I'll install the helper library that handles this format natively:

npm install aws-event-bridge-utils

It looked plausible. aws-event-bridge-utils follows the naming pattern of a dozen real AWS SDK packages. Before running it, two seconds of checking:

npm info aws-event-bridge-utils

npm error 404 Not Found - GET https://registry.npmjs.org/aws-event-bridge-utils

The package doesn’t exist. The model hallucinated a plausible name. If someone had registered aws-event-bridge-utils on npm with malicious code, the install command would have run it — and depending on the project’s dependencies, that code might have had access to the active AWS credential chain.

What stopped it: habit. npm info <package> before npm install <package> is the single-step gate that catches both hallucinated packages and potential typosquatting. It adds three seconds.

The pattern generalizes: treat every package the model suggests as unverified until you’ve confirmed it exists and has reasonable download counts, publication history, and code content. Models are confident about packages whether or not they exist, and their confidence is not calibrated to reality.

A useful addition to this workflow: check the package’s first publish date. If the model was trained before that date, the model cannot have seen it — which means it either hallucinated a coincidentally correct name or is suggesting something it inferred from patterns rather than remembered from training. Either case warrants closer scrutiny than a package with five years of version history.

For higher-stakes contexts, add socket.dev or Snyk’s dependency scanning to the install step in CI so that even packages that do exist get checked against known malicious indicators.

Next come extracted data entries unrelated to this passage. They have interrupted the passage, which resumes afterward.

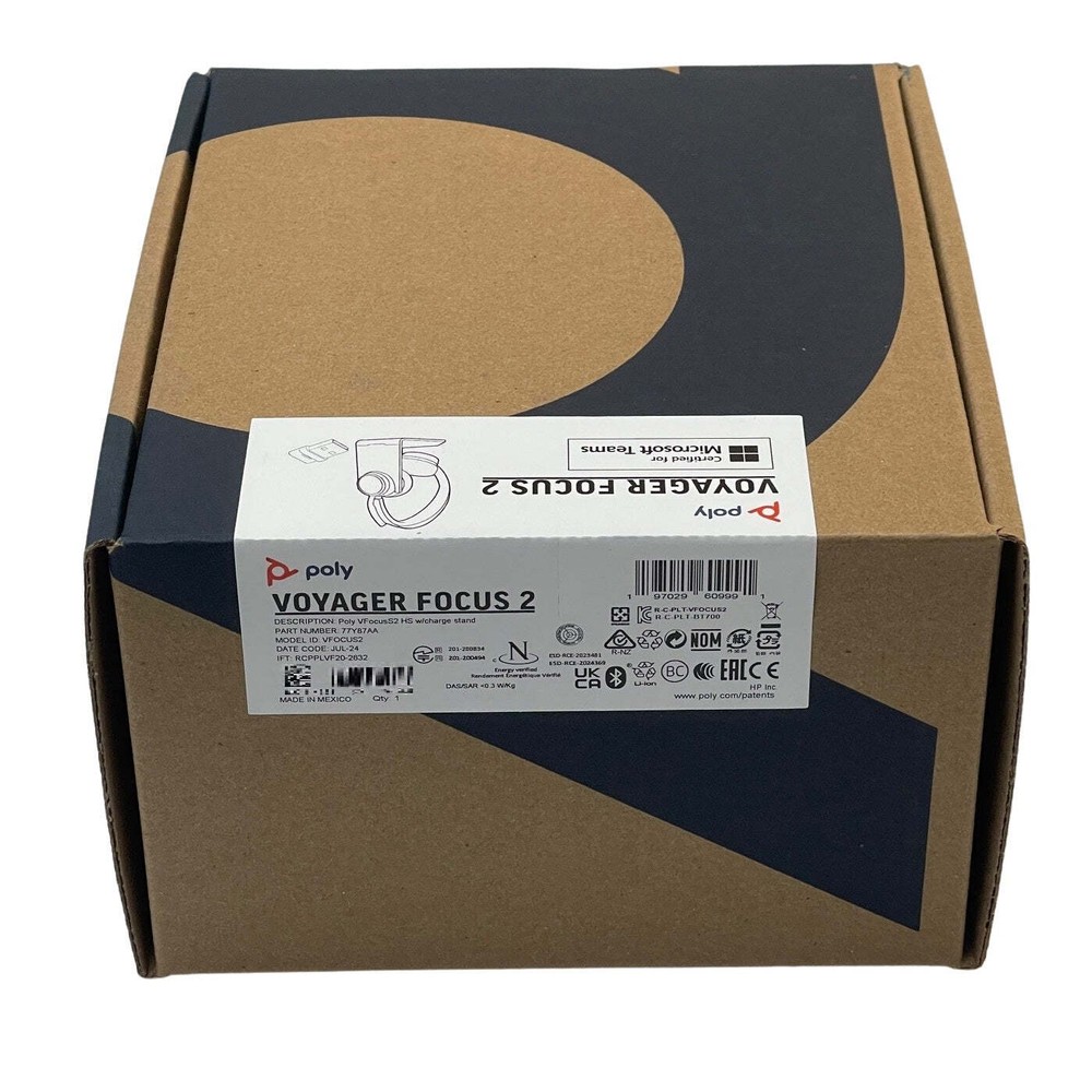 Powered by Frooition Avaya Axtel Cisco Digium Fortinet Grandstream Honeywell HP Jabra Logitech Mitel NEC Panasonic Plantronics Polycom Printers and Scanners Ruckus Sangoma Shoretel Yealink Zebra All Items See our eBay store for more great items >> Shop Categories Avaya Axtel Cisco Digium Fortinet Grandstream Honeywell HP Jabra Logitech Mitel NEC Panasonic Plantronics Polycom Printers and Scanners Ruckus Sangoma Shoretel Yealink Zebra Poly Voyager Focus 2 Bluetooth Headset Teams w/Stand (213727-02, 77Y87AA) New Item Description The Poly Voyager Focus 2 is a premium wireless stereo Bluetooth headset designed to deliver an exceptional audio experience for professionals who demand superior sound quality, comfort, and flexibility in their communication tools. Ideal for use in both office environments and on the go, this headset offers a range of features that cater to the needs of today's dynamic work environments. Condition & Warranty Brand New 1-Year Warranty Features Advanced Noise-Canceling Technology: The Voyager Focus 2 is equipped with hybrid active noise canceling (ANC) technology, which effectively blocks out background noise, allowing you to focus on your calls and work without distractions. The headset also features a three-level ANC setting, giving you the flexibility to adjust the noise cancellation based on your surroundings. Crystal Clear Audio: With its high-quality stereo sound and enhanced digital signal processing (DSP), the headset ensures that both your voice and the voices of those on the other end of the call are clear and natural, even in noisy environments. Comfortable Design: The Voyager Focus 2 is designed with all-day comfort in mind. It features soft, leatherette ear cushions and an adjustable headband that provides a secure fit without causing discomfort, making it ideal for extended use during long meetings or work sessions. Smart Sensor Technology: The headset includes smart sensors that automatically mute your calls when you remove the headset and resume them when you put it back on. Additionally, the headset can automatically answer calls when you put it on, offering a seamless communication experience. Multipoint Connectivity: The Voyager Focus 2 UC supports multipoint connectivity, allowing you to connect to two devices simultaneously. This feature is perfect for professionals who need to switch between calls on their computer and mobile device without missing a beat. Seamless Integration: The headset supports Bluetooth 5.1 connectivity and comes with a USB adapter for easy pairing with your computer or mobile devices. Long Battery Life: With up to 25 hours of talk time and 40 hours of listening time on a single charge, the Voyager Focus 2 ensures that you stay connected throughout your workday without the need to recharge frequently. Intuitive Controls: The headset features on-ear controls for adjusting volume, managing calls, and activating voice assistants, giving you quick and easy access to essential functions. Compatibility Connects to Bluetooth enabled laptop or desktop computers (USB Bluetooth Dongle included for PC?s without Bluetooth) Connects to Bluetooth enabled smartphones, tables, smart watches Connects to Bluetooth enabled Office Phones Certified for Microsoft Teams Package Contents Poly Voyager Focus 2 Headset - Teams Charging Stand USB Cable BT700 USB-A Bluetooth Dongle Carrying Case About Us About Us Payment Shipping Returns & Warranty We Buy Equipment About Us Shop4Tele is one of the country's largest independent distributors of New and Certified Refurbished telecommunication products and systems. With over 12 years experience in the industry, our clientele includes large enterprise companies, small to medium sized businesses, medical facilities, and government agencies. They choose Shop4Tele because our top priority is providing excellent customer service and products at competitive prices. Shop4Tele maintains a huge inventory of phones, adapters, peripherals, PBX hardware, networking equipment, and headsets from top manufacturers including Avaya, Cisco, Jabra, Mitel, NEC, Nortel, Plantronics, Polycom, Shoretel, and Yealink. All products are backed by our 1-Year Warranty and generous 30-Day Return Policy. Payment Payment New Page 1 United States PayPal - our preferred choice Credit Cards - We accept Visa, MasterCard, American Express, and Discover. The billing address must match the address that the card issuing bank has on file. International (Outside the US) PayPal (through Ebay Global Shipping program) Shipping Shipping New Page 1 Domestic Shipments All orders are shipped via UPS or FedEx Ground to the continental United States We do not ship to PO Boxes Alaska, Hawaii, and Puerto Rico will be subject to an additional surcharge Expedited shipping is available for an additional fee Customers may pick up their orders at our facility free of charge We will only ship to confirmed PayPal addresses International Shipments (outside the US) We participate in Ebay's Global Shipping Program. All final shipping and import charges are available to view at checkout Import charges shown at checkout include custom duties, taxes, brokerage, and other fees. Returns & Warranty Returns & Warranty New Page 1 Returns Shop4Tele wants to make sure our customers are completely satisfied with their purchase. In doing so, we offer a generous 30-Day return policy on both New and Certified Refurbished products . All return requests must be received within 30 days of the original date of purchase. Returned products must include all original packaging, documentation, and accessories. A 20% restocking fee will apply to process a return. Customers are responsible for paying for their own shipping when returning an item. Shipping costs are non-refundable. We recommend using a traceable shipping service to avoid the risk of loss. Warranty Shop4Tele stands behind the products we sell. We offer a 1-Year warranty and 90 Day advanced replacement service on all New, New Op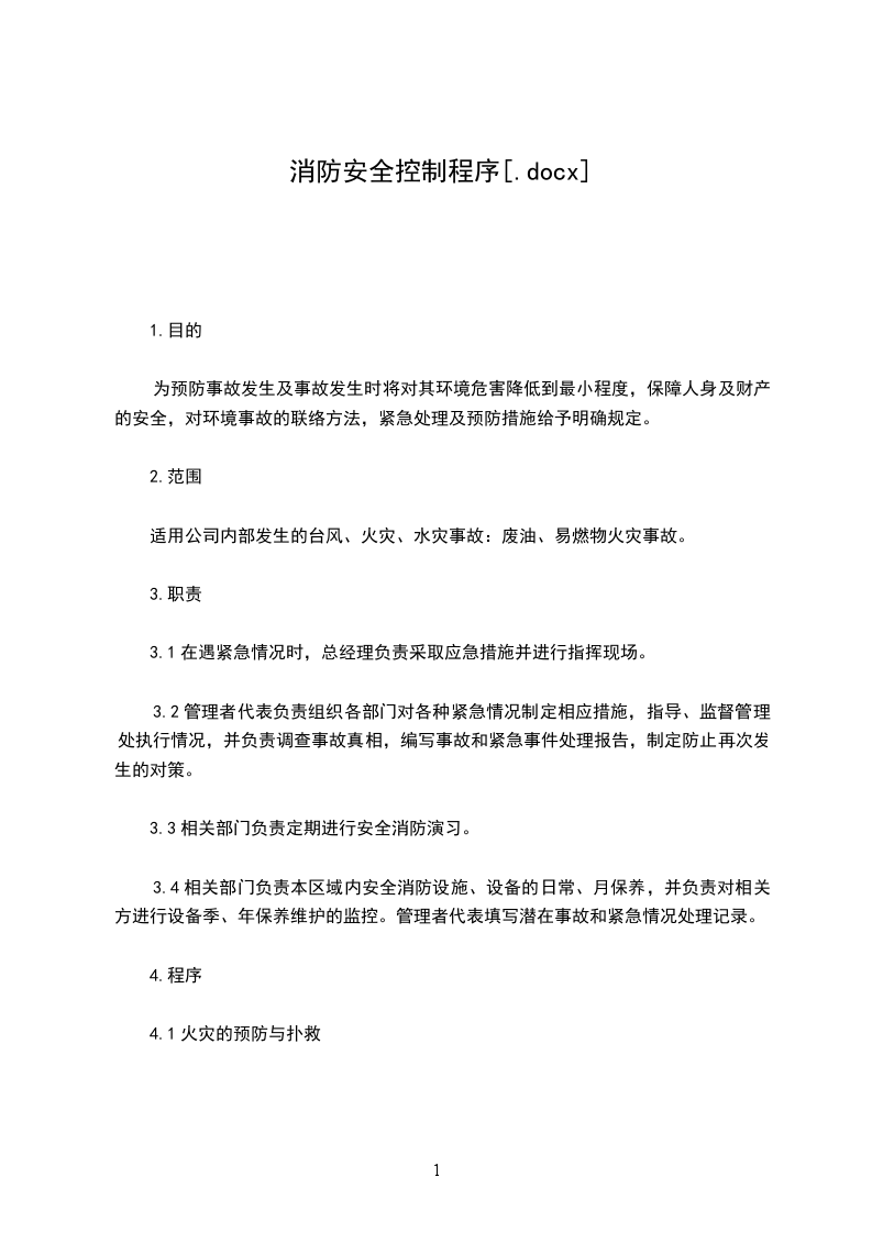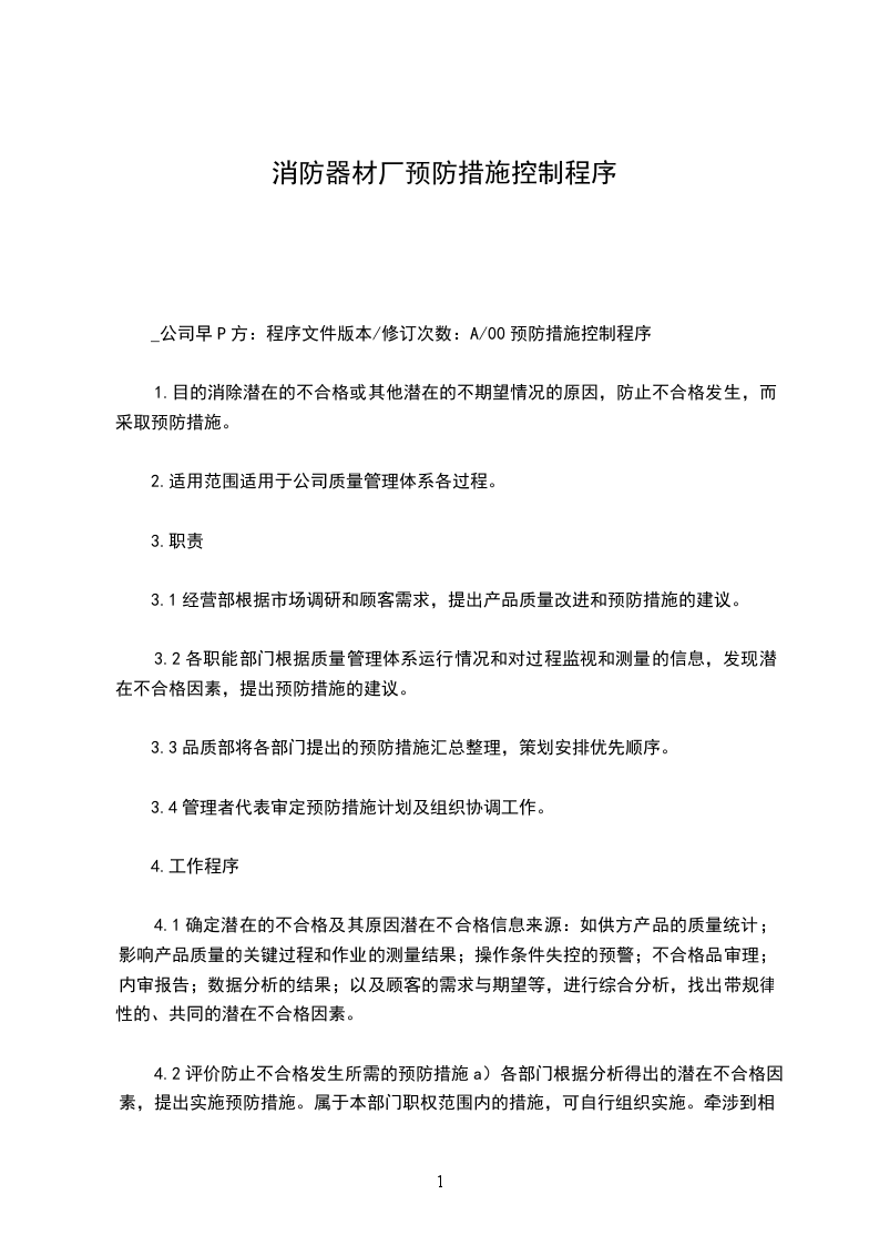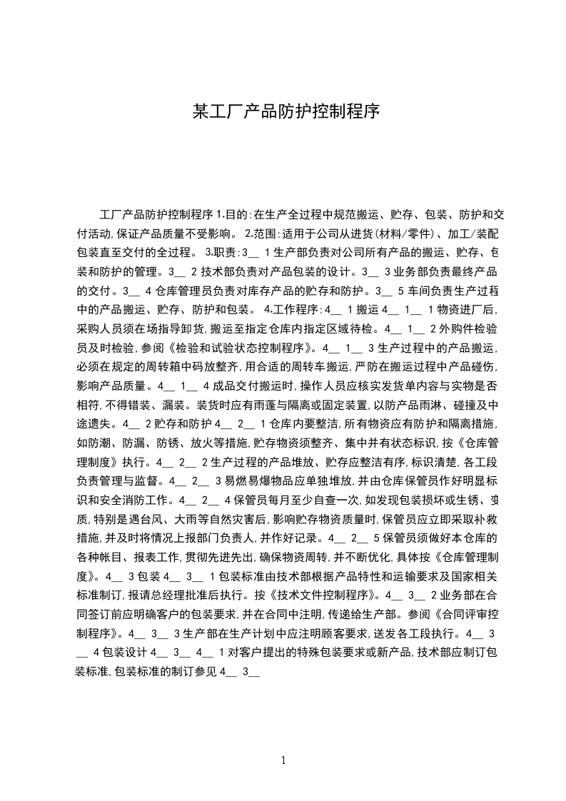 工厂产品防护控制程序⒈目的:在生产全过程中规范搬运、贮存、包装、防护和交付活动,保证产品质量不受影响。⒉范围:适用于公司从进货(材料/零件)、加工/装配、包装直至交付的全过程。⒊职责:3__ 1生产部负责对公司所有产品的搬运、贮存、包装和防护的管理。3__ 2技术部负责对产品包装的设计。3__ 3业务部负责最终产品的交付。3__ 4仓库管理员负责对库存产品的贮存和防护。3__ 5车间负责生产过程中的产品搬运、贮存、防护和包装。⒋工作程序:4__ 1搬运4__ 1__ 1物资进厂后,采购人员须在场指导卸货,搬运至指定仓库内指定区域待检。4__ 1__ 2外购件检验员及时检验,参阅《检验和试验状态控制程序》。4__ 1__ 3生产过程中的产品搬运,必须在规定的周转箱中码放整齐,用合适的周转车搬运,严防在搬运过程中产品碰伤,影响产品质量。4__ 1__ 4成品交付搬运时,操作人员应核实发货单内容与实物是否相符,不得错装、漏装。装货时应有雨蓬与隔离或固定装置,以防产品雨淋、碰撞及中途遗失。4__ 2贮存和防护4__ 2__ 1仓库内要整洁,所有物资应有防护和隔离措施,如防潮、防漏、防锈、放火等措施,贮存物资须整齐、集中并有状态标识,按《仓库管理制度》执行。4__ 2__ 2生产过程的产品堆放、贮存应整洁有序,标识清楚,各工段负责管理与监督。4__ 2__ 3易燃易爆物品应单独堆放,并由仓库保管员作好明显标识和安全消防工作。4__ 2__ 4保管员每月至少自查一次,如发现包装损坏或生锈、变质,特别是遇台风、大雨等自然灾害后,影响贮存物资质量时,保管员应立即采取补救措施,并及时将情况上报部门负责人,并作好记录。4__ 2__ 5保管员须做好本仓库的各种帐目、报表工作,贯彻先进先出,确保物资周转,并不断优化,具体按《仓库管理制度》。4__ 3包装4__ 3__ 1包装标准由技术部根据产品特性和运输要求及国家相关标准制订,报请总经理批准后执行。按《技术文件控制程序》。4__ 3__ 2业务部在合同签订前应明确客户的包装要求,并在合同中注明,传递给生产部。参阅《合同评审控制程序》。4__ 3__ 3生产部在生产计划中应注明顾客要求,送发各工段执行。4__ 3__ 4包装设计4__ 3__ 4__ 1对客户提出的特殊包装要求或新产品,技术部应制订包装标准,包装标准的制订参见4__ 3__
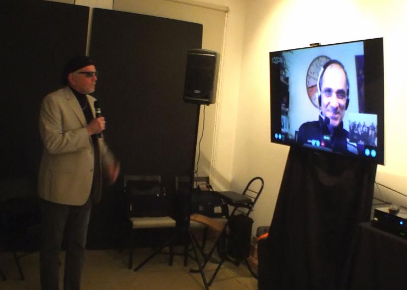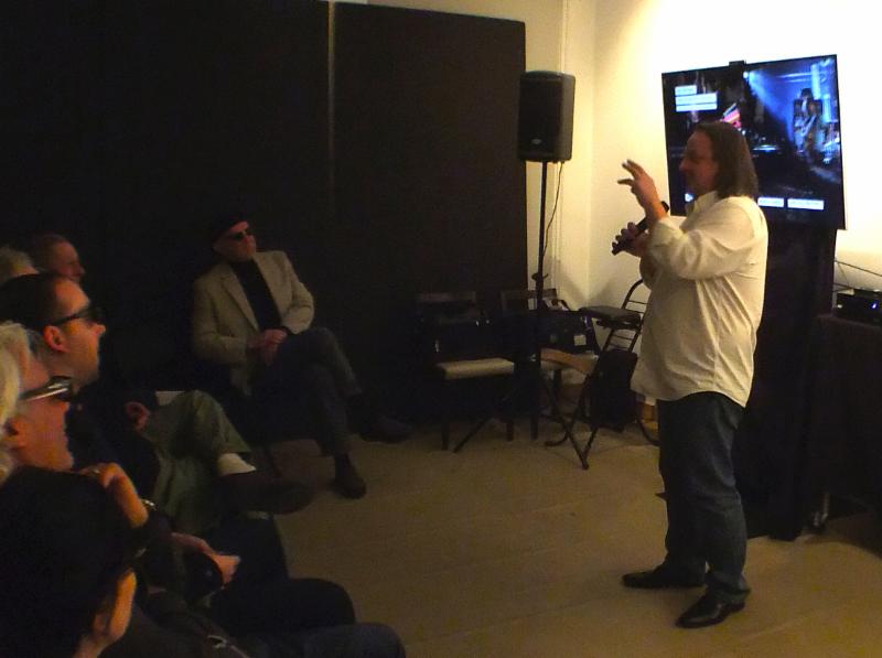 But wait, there's more! We are only halfway through the meeting. For the next hour, we met filmmaker and musician Pierre Lamoureux, who along with his brother Francois, made two 3D music documentaries. He showed clips from Pat Metheny: The Orchestrion Project and Satchurated-Joe Satriani in Concert in 3D (both available at our NYSA Amazon Store)and a sample from his upcoming 3D project, Flamenco Hoy! | Pierre Lamoureux presents clips from his 3D films to the NYSA March 18, 2015 | Pierre gave a fascinating talk about his entry into the world of 3D filmmaking. After making many 2D music films for various artists, he was asked about shooting Pat Metheny's Orchestrion project in 3D, something visually stimulating that lends itself perfectly to the stereo format. Knowing that working in 3D has its own set of rules, he set out to discover the 3D dos and don'ts using a Fuji W3 and shooting and editing hours of footage. Lamoureux said, "I saved tens of thousands of dollars on professional stereo rigs by learning important lessons with the W3 first." Those lessons apply to shooting (don't place objects in the near foreground) and to editing (quick, MTV style edits don't work). The result is a fluid, encompassing audio/visual experience. Satchurated was slightly different because it included a live audience and full band, so it presented fewer editing options and more pressure to capture the concert live from many angles. Flemenco Hoy presented similar challenges as they had only one live performance and virtually no editing possibilities due to the nature of this unique music/dance art form. The evening concluded with Pierre answering questions from NYSA members about his many projects.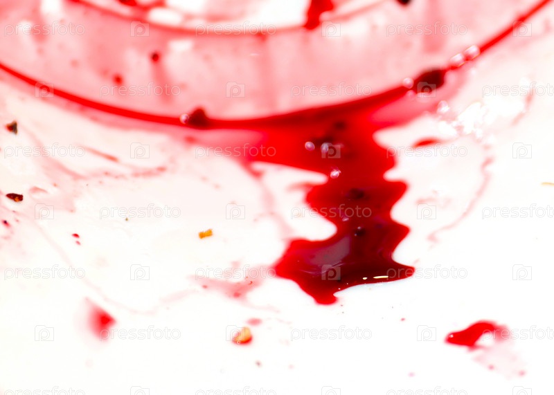 Кроваво-красные пятна и полосы жидкости на поверхности медицинской соли операционной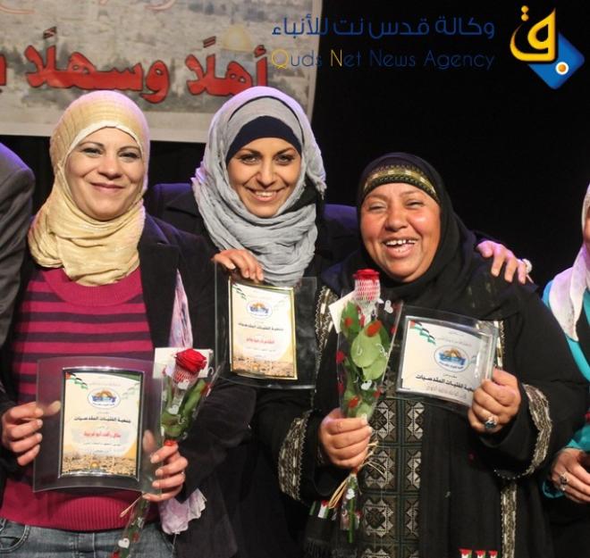 كرمت جمعية الفتيات المقدسيات عدد من أمهات الأسرى والشهداء والناشطات المقدسيات في يوم المرأة الفلسطينية على خشبة مسرح الحكواتي الفلسطيني في القدس المحتلة، بحضور مستشار ديوان الرئاسة الفلسطينية والمختص في شؤون القدس، رئيس لجنة المرابطين في القدس والأقصى يوسف مخيمر، والشاعرة المقدسية رانية حاتم.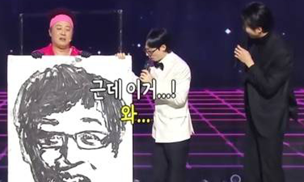 그런 후 정준하는 대형 도화지에 무언가를 그리기 시작했다. 알아볼 수 없는 형체였지만 완성 후 그림을 거꾸로 세우자 유재석 얼굴이 명확히 드러났다.

What the security surface actually looks like

Mapping these three axes to everyday practice:

Logs: check your subscription tier, add ignore rules for secrets files, rotate anything that was ever pasted into a prompt
Tool calls: audit MCP servers before install, review permission grants before committing them, treat hook scripts like install scripts
Supply chain: npm info before npm install, lock your dependency files, add dependency scanning to CI

None of these are new security practices. They’re adaptations of existing practices to a changed context. The AI coding tool changes the rate at which you interact with your codebase and the rate at which new code and dependencies appear — it doesn’t change what good security hygiene looks like, it just raises the stakes for having it.

The one genuinely novel element is the MCP/tool-call axis. Before these tools grew plugin ecosystems, the attack surface was limited to what you typed into a chat window. Now the tool executes code, reads files, and calls external services on your behalf. The security perimeter has to expand to cover what the tool does, not just what you explicitly send.

Treat your AI coding tool’s permission file the same way you treat your CI configuration: version it, review changes in PRs, and question additions that expand scope. A change that adds Bash(*) to your Claude Code settings is worth the same scrutiny as a change that adds a new workflow step to your CI file — because both, when misconfigured, can run arbitrary code in your repository’s context.